More than 55 percent of respondents said that the Pikes Peak region’s greatest strength is its natural beauty, as well as its access to outdoor recreation opportunities. Other strengths cited by respondents were moderate climate and weather, as well as the region’s military assets.

Nearly 33 percent of those polled said that infrastructure — road maintenance, stormwater needs and transportation — was the greatest challenge facing the Pikes Peak region, while other respondents referenced challenges related to employment and taxes.

In response to the third question, which asked those polled which five issues they felt were the most important for the community to address in the coming year, 71 percent cited road maintenance and repair. Improving the maintenance and repair of stormwater assets was the second most important issue to respondents, while investing in economic development was the third.

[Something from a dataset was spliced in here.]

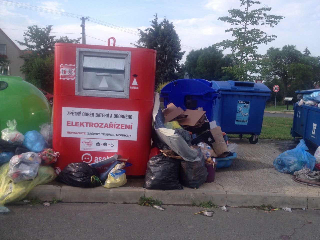 Odkládání mimo kontejnery je zakázano pod pokutou 30.000,-
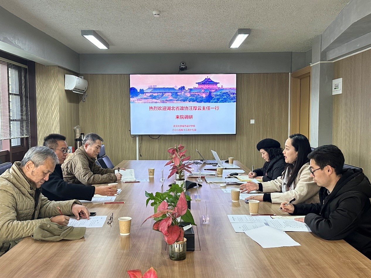 12月17日下午,省政协民族和宗教委员会专职副主任汪厚云、省政协委员斯龙平一行走访联系省政协委员、武汉大学城市设计学院副院长武静。武汉大学统战部民主党派工作办公室主任姬建建、武汉大学城市设计学院党委副书记李琦参加活动。

The fourth question was “multi-faceted,” SIE said in the report. Respondents were polled on how they feel their personal income and expense levels, as well as the city’s population and revenues, might grow in the next three years.

“When asked to predict the levels of their household’s retail purchases (excluding pharmacy and food), nearly 69 percent of the respondents expected no change in the level of those expenditures over the next three years,” according to the report. “Additionally, 20.15 percent of the respondents expected their levels of retail purchases to increase over the next three years. However, when asked to predict the level of their household’s online purchases over the next three years, nearly 68 percent of respondents expected them not to change from current levels, and nearly 28 percent of respondents expected to increase their online purchases.”